» **EXERCISE OBJECTIVE**
Although the records contain pictures, the copy should leave them out and match everything else exactly.

(SUPPLIED DATA Opens)

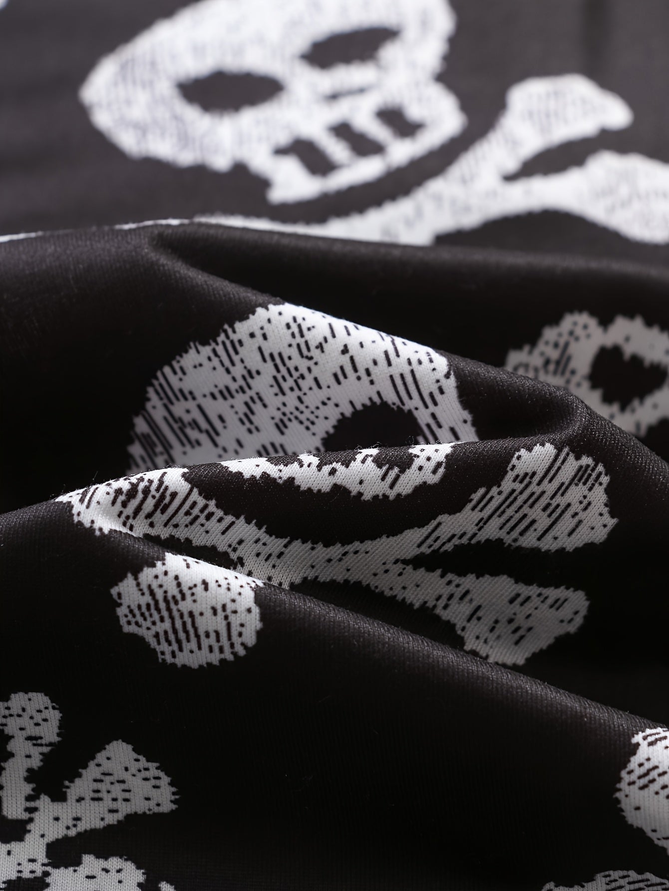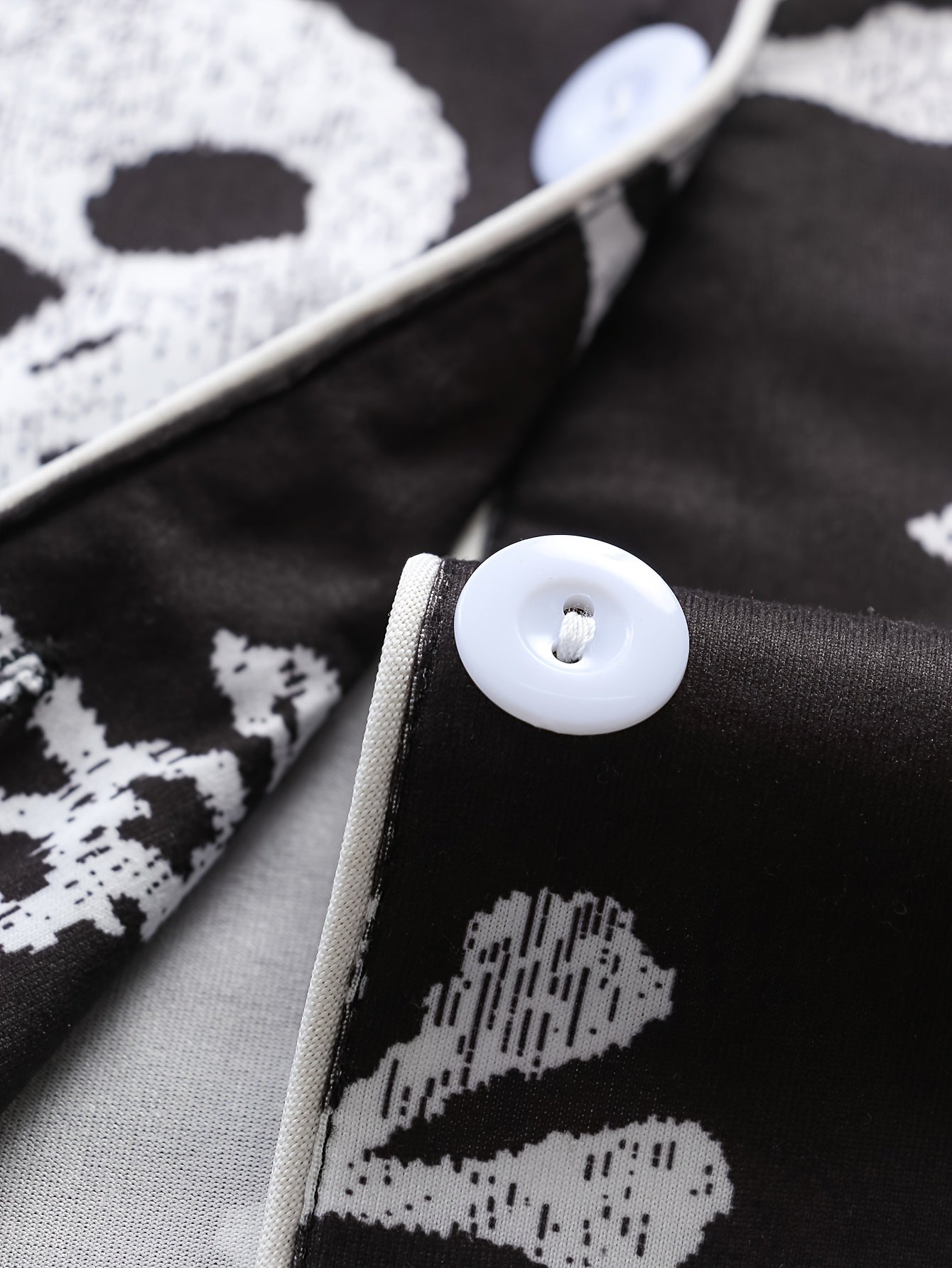 Two-Piece Skull Head Halloween Cartoon Pattern Women'S Pajamas, Turn- Collar Button Short Sleeve and Loose Comfortable Shorts, Elegant Women'S Pajama Set
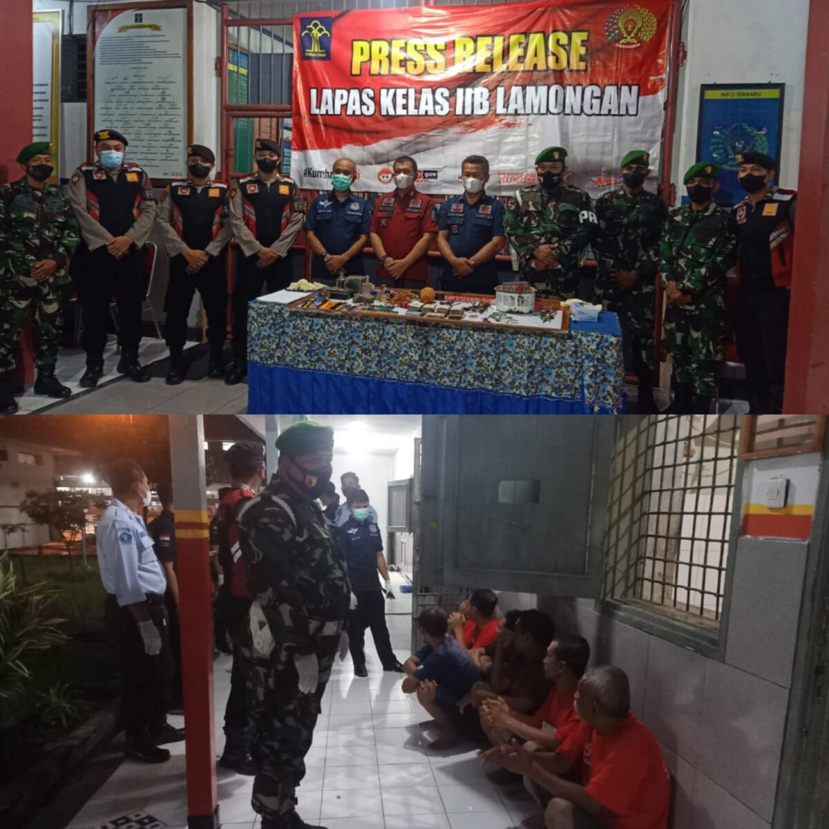 Kabar1lamongan.com – Aparat gabungan TNI Polri jajaran Kodim 0812 Lamongan dan Polres Lamongan bersama Lembaga Pemasyarakatan (Lapas) Kelas IIB Lamongan Kanwil Kemenkumham Jawa Timur melaksanakan razia kamar di setiap blok Warga Binaan Pemasyarakatan (WBP).
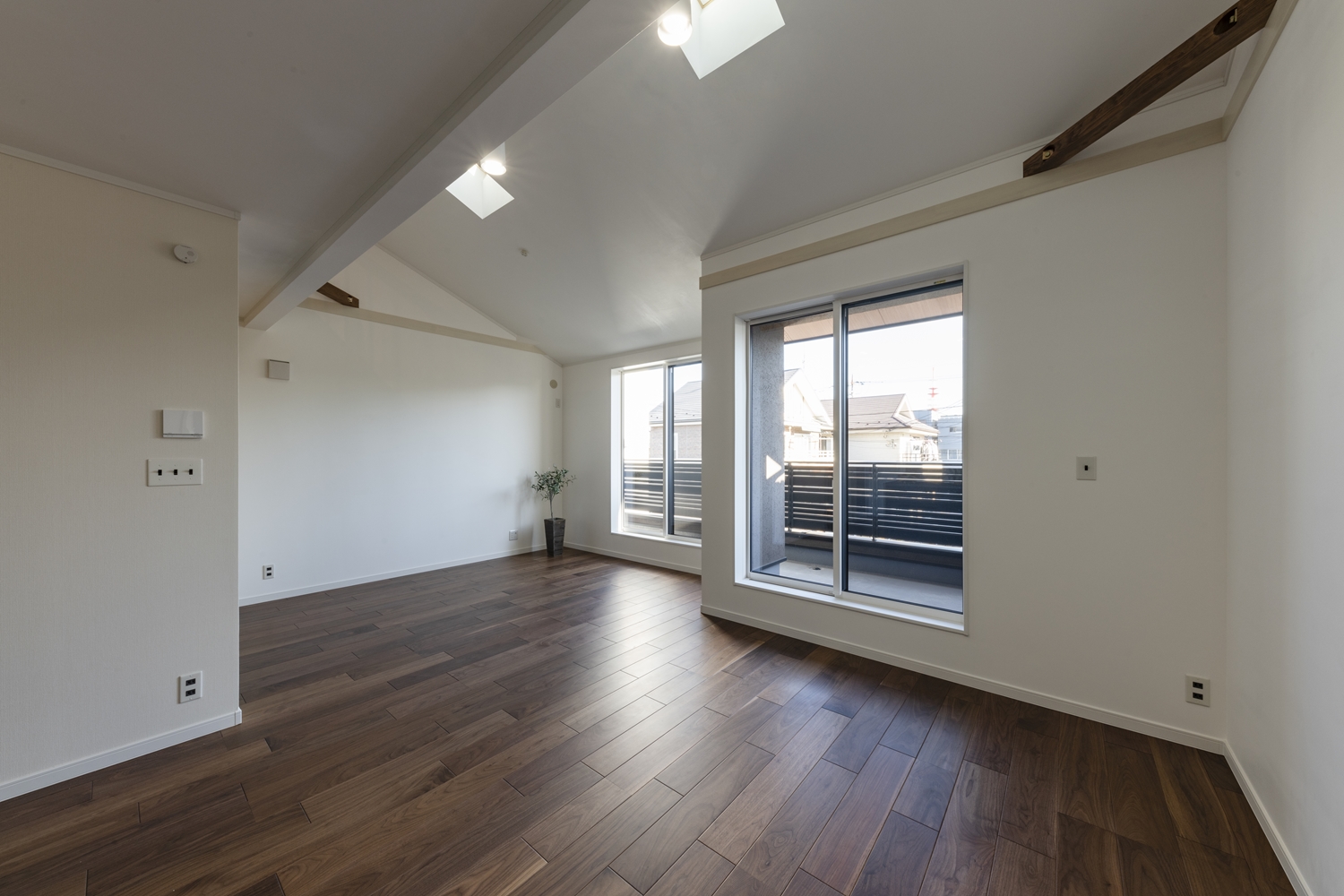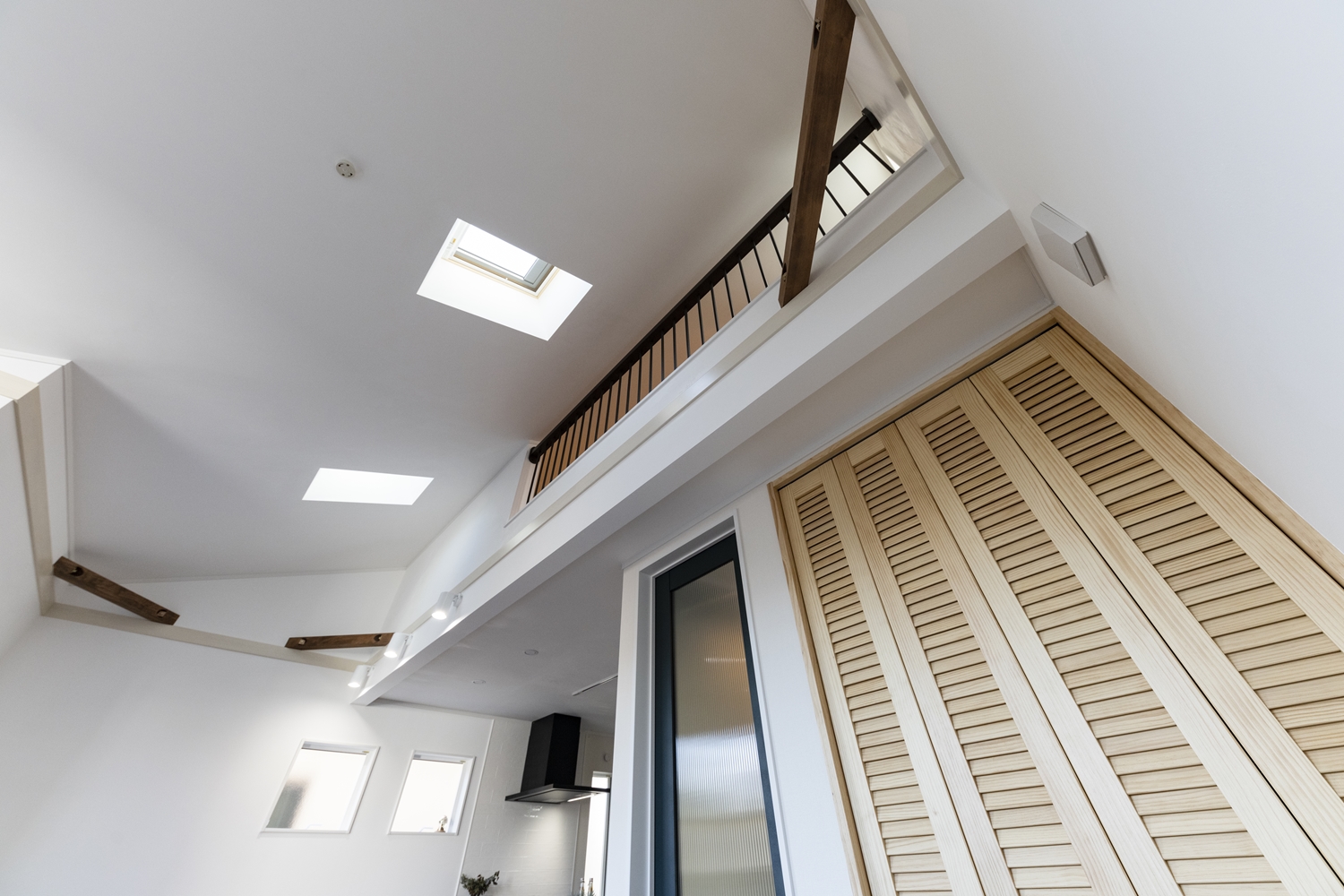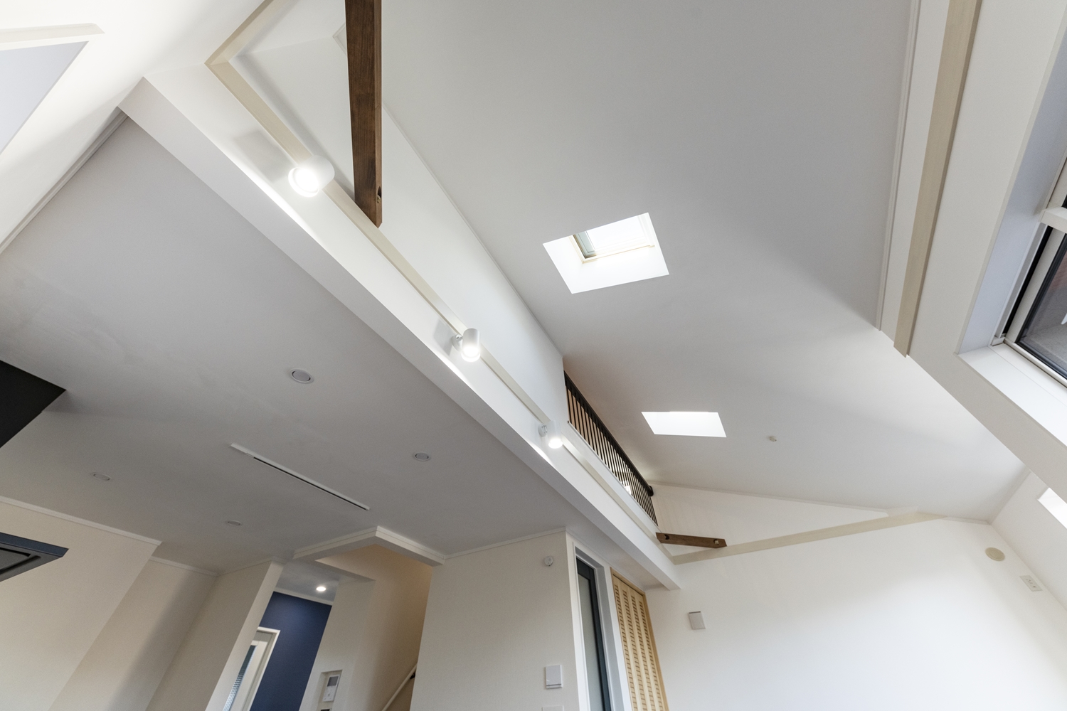 勾配天井にトップライト(天窓)を設えた開放的で光のあふれる空間。火打ち梁をあらわしにしてお部屋のアクセントに。
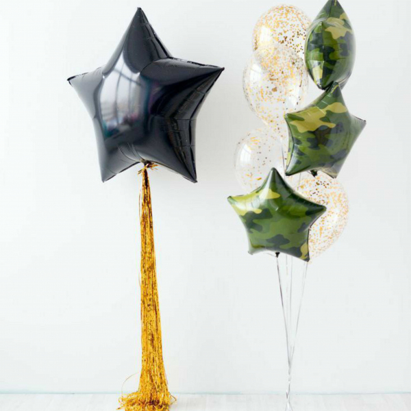 шары фольгированные звезды камуфляж 46 см с гелием 3 шт
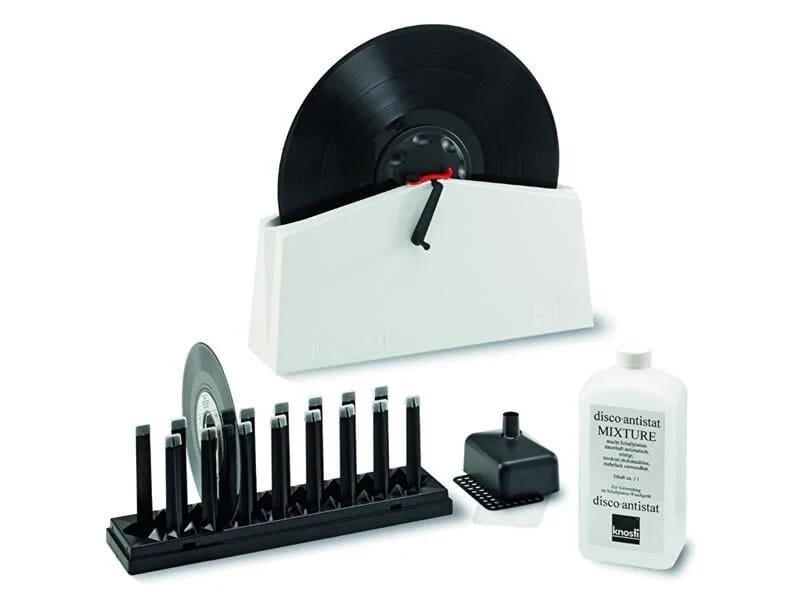 Flott og velfungerende vaskemaskin for vinylplater. Vasker begge sider samtidig, og fjerner all skitt og statisk elektrisitet. Leveres med 1l rensevæske, stativ for å sette plater til tørk, samt en oppsamlingsboks for gjenbruk av overflødig rensevæske.
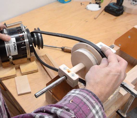 that, and then turned the V-groove in the small pulley.
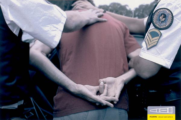 点评:不需要用手铐就可以让犯人就范,胶水之强度可见一斑。产品卖点表现得淋漓尽致。
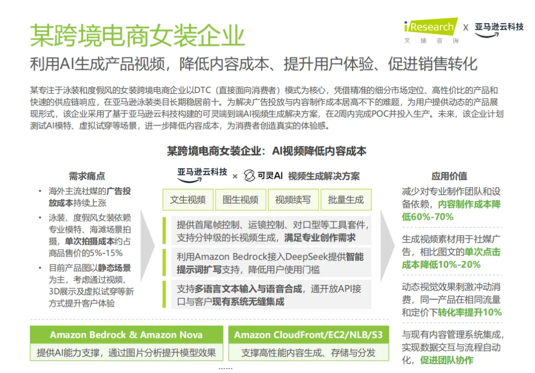 某泳装电商企业采用基于亚马逊云科技构建的AI视频生成解决方案,减少了对专业制作团队和设备的依赖,降低了内容制作成本,提升了用户体验。
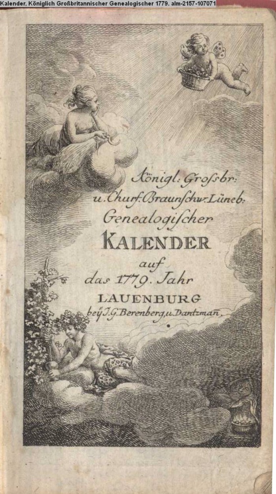 Königl. Grossbr. / u. Churf. Braunschw. Lüneb. / Genealogischer / KALENDER / auf / das 1779. Jahr. / LAUENBURG / bey / J. G. Berenberg u. Dantzmann
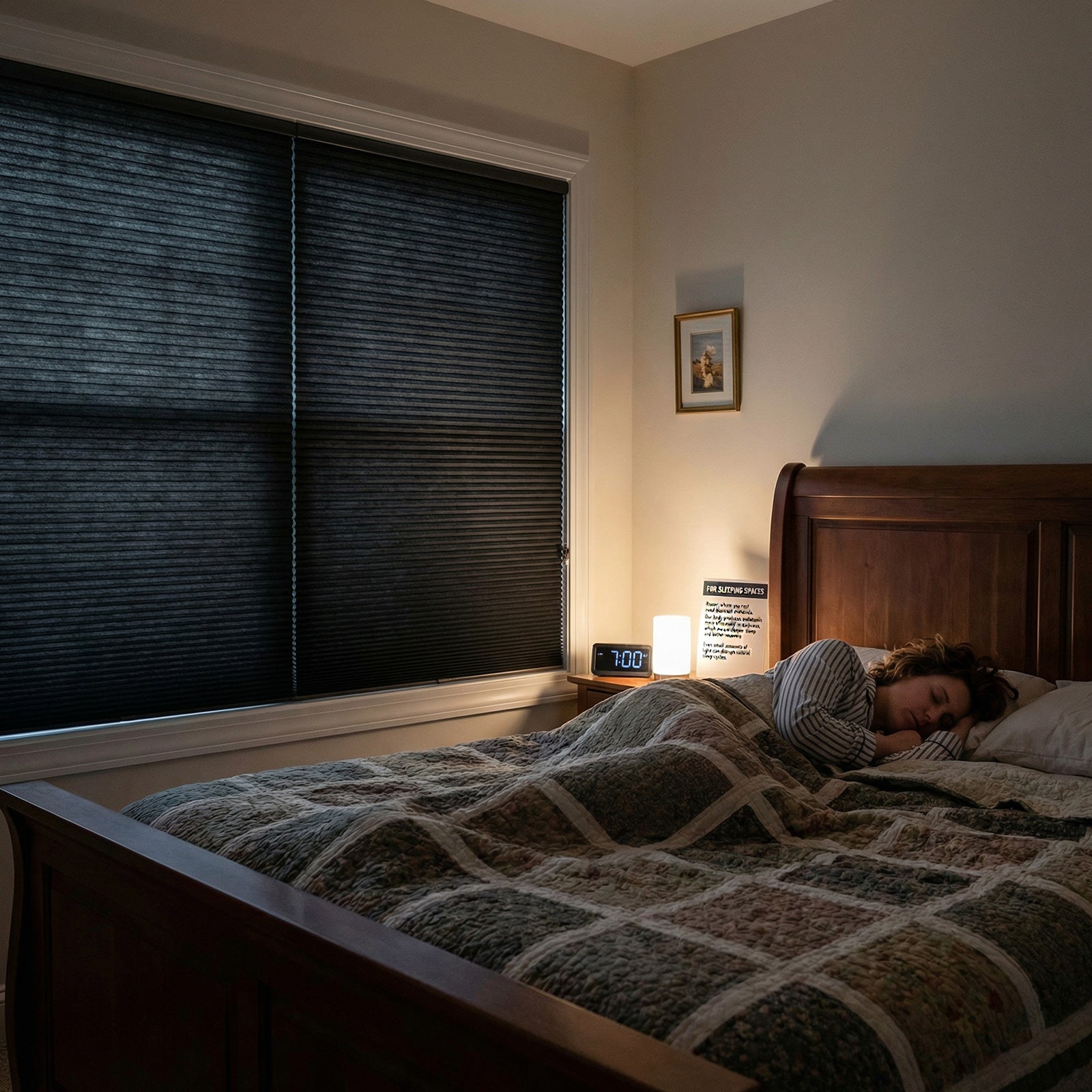 Rooms where you rest need blackout materials. Your body produces melatonin more effectively in darkness, which means deeper sleep and better recovery. Even small amounts of light can disrupt natural sleep cycles.

(SUPPLIED DATA Closes)

» **TASK RESULT**
 Two-Piece Skull Head Halloween Cartoon Pattern Women'S Pajamas, Turn- Collar Button Short Sleeve and Loose Comfortable Shorts, Elegant Women'S Pajama Set
 Kabar1lamongan.com – Aparat gabungan TNI Polri jajaran Kodim 0812 Lamongan dan Polres Lamongan bersama Lembaga Pemasyarakatan (Lapas) Kelas IIB Lamongan Kanwil Kemenkumham Jawa Timur melaksanakan razia kamar di setiap blok Warga Binaan Pemasyarakatan (WBP).
 勾配天井にトップライト(天窓)を設えた開放的で光のあふれる空間。火打ち梁をあらわしにしてお部屋のアクセントに。
 шары фольгированные звезды камуфляж 46 см с гелием 3 шт
 Flott og velfungerende vaskemaskin for vinylplater. Vasker begge sider samtidig, og fjerner all skitt og statisk elektrisitet. Leveres med 1l rensevæske, stativ for å sette plater til tørk, samt en oppsamlingsboks for gjenbruk av overflødig rensevæske.
 that, and then turned the V-groove in the small pulley.
 点评:不需要用手铐就可以让犯人就范,胶水之强度可见一斑。产品卖点表现得淋漓尽致。
 某泳装电商企业采用基于亚马逊云科技构建的AI视频生成解决方案,减少了对专业制作团队和设备的依赖,降低了内容制作成本,提升了用户体验。
 Königl. Grossbr. / u. Churf. Braunschw. Lüneb. / Genealogischer / KALENDER / auf / das 1779. Jahr. / LAUENBURG / bey / J. G. Berenberg u. Dantzmann
 Rooms where you rest need blackout materials. Your body produces melatonin more effectively in darkness, which means deeper sleep and better recovery. Even small amounts of light can disrupt natural sleep cycles.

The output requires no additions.